CRITERES THEORIQUES DU REGIME PARLEMENTAIRE

Page 3: La séparation des pouvoirs

1 – LA STRUCTURE DES POUVOIRS. L’exécutif est dualiste et bicéphale. Il est dualiste, parce qu’il se décompose en deux éléments, le chef de l’Etat et le gouvernement. Il est presque toujours bicéphale, parce qu’il y a un chef du gouvernement qui est qualifié différemment selon les lieux et les époques : président du Conseil sous les IIIème et IVème Républiques françaises ou en Italie, président du gouvernement en Espagne, Chancelier en Allemagne, Premier ministre en Grande-Bretagne et en France aujourd’hui.

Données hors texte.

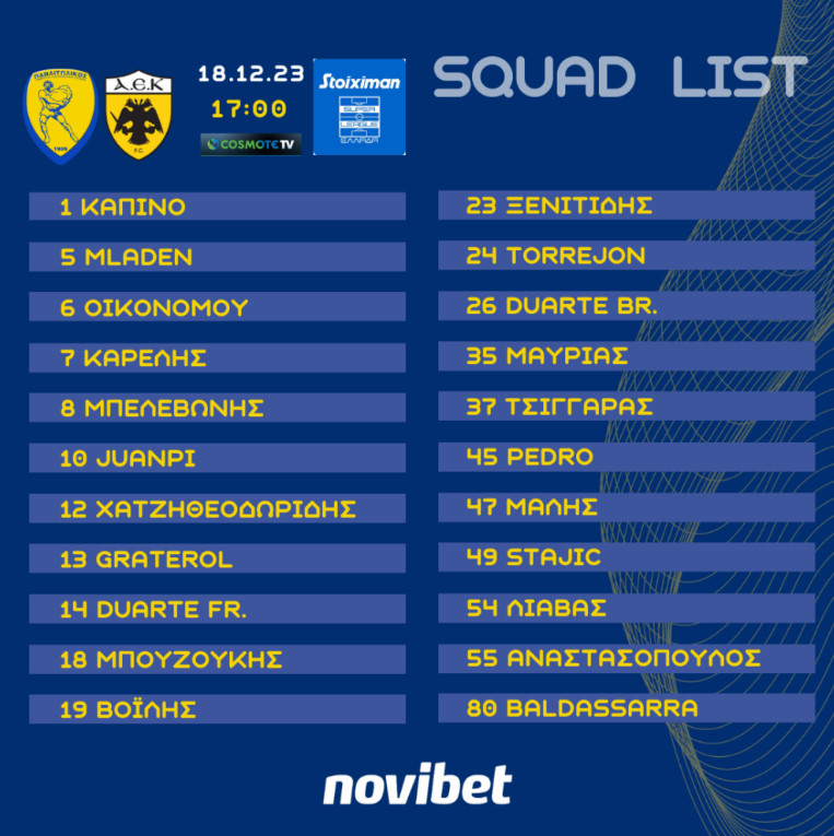 Στην αποστολή του αυριανού (18/12) αγώνα με την Α.Ε.Κ. συμμετέχουν οι Ποδοσφαιριστές:

Quant au Parlement, il est souvent composé de deux chambres (bicamérisme). L’une des chambres est, en principe issue du suffrage universel et représente l’ensemble du peuple (Chambre des Communes en Grande-Bretagne). L’autre peut avoir une fonction variable : elle peut être chargée de représenter les Etats fédérés dans un système fédéral (Allemagne) ou les régions dans un Etat fortement décentralisé (Espagne, Italie). Elle peut aussi être une chambre issue de la tradition aristocratique (Chambre des Lords en Grande-Bretagne).

 2 - L’EQUILIBRE ORGANIQUE. Il ne s’agit plus de cloisonner l’exécutif et le législatif, mais, au contraire, d’établir un système de relations entre eux. Ils demeurent distincts, séparés, mais ils doivent aller ensemble au lieu d’aller isolément.

 a) La légitimation parlementaire du gouvernement. En régime parlementaire, le chef de l’Etat peut être héréditaire, lorsque le régime parlementaire s’est implanté dans le cadre monarchique (GB, Belgique, Hollande, pays scandinaves, Espagne). Il peut aussi être un président de la République généralement élu par le parlement (Allemagne, Italie). Sur un plan strictement juridique, le gouvernement est nommé par un décret du Chef de l’Etat. Mais, sur un plan politique, le Chef de l’Etat sera dans l’obligation de choisir les ministres dans les rangs de la majorité parlementaire. Il devra même, la plupart du temps, choisir comme Premier ministre, le leader du parti qui a gagné les élections législatives (procédure de l’investiture parlementaire).

 b) Les interactions organiques. Chacun des pouvoirs détient le moyen de mettre fin à l’existence de l’autre. D’une part, le législatif peut renverser le gouvernement (mise en jeu de la responsabilité politique). D’autre part, l’exécutif peut dissoudre le législatif (droit de dissolution) : il peut provoquer des élections anticipées et renvoyer les représentants devant leurs électeurs. Ceci répond au principe d’équilibre entre les deux pouvoirs. En bonne logique, l’exécutif ne doit pouvoir dissoudre que celle des deux chambres qui peut le renverser, c’est-à-dire la chambre basse.

 3 - LA COLLABORATION FONCTIONNELLE. Les deux organes, exécutif et législatif, doivent collaborer entre eux pour exercer les principales fonctions de l’Etat. Chacun doit donc participer à la fonction de l’autre :

- L’organe exécutif participe à l’exercice de la fonction législative (initiative des lois, discussion, amendements, promulgation).

 - L’organe législatif participe à l’exercice de la fonction exécutive (autorisation préalable en matière diplomatique, ratification des traités internationaux).